** What you should do **
Given the entries that follow, write out exactly the lines starting at the one containing "ストールを垂らしコーディネートのアクセントに‼︎" and ending at the one containing "The day we decided", both ends included, and only those.

** Data for analysis **
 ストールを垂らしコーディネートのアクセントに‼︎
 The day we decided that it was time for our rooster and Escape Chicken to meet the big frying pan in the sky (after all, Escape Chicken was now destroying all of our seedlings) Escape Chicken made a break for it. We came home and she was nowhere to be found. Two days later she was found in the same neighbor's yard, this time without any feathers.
...
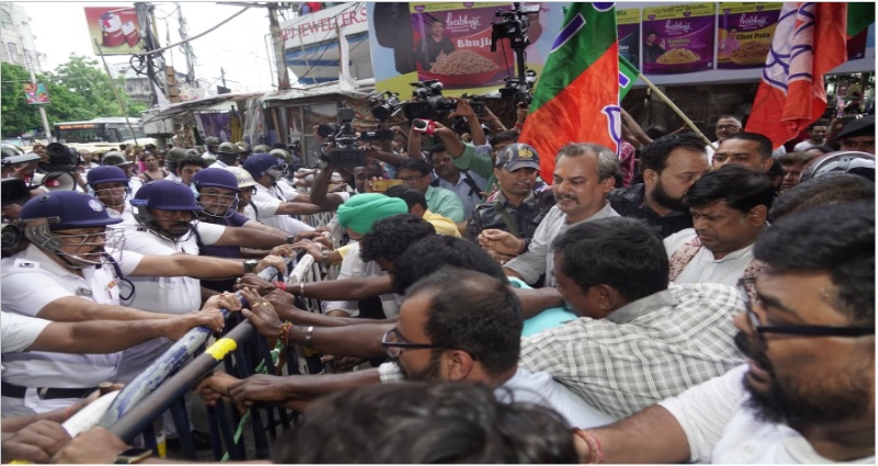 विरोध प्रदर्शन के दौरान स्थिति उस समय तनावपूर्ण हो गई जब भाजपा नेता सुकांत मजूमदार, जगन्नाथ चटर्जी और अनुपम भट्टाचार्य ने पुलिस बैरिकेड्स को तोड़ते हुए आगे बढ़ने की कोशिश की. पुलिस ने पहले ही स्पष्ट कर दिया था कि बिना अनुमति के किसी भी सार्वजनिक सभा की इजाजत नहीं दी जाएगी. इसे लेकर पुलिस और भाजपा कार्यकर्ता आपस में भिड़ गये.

** Exercise response **
 ストールを垂らしコーディネートのアクセントに‼︎
 The day we decided that it was time for our rooster and Escape Chicken to meet the big frying pan in the sky (after all, Escape Chicken was now destroying all of our seedlings) Escape Chicken made a break for it. We came home and she was nowhere to be found. Two days later she was found in the same neighbor's yard, this time without any feathers.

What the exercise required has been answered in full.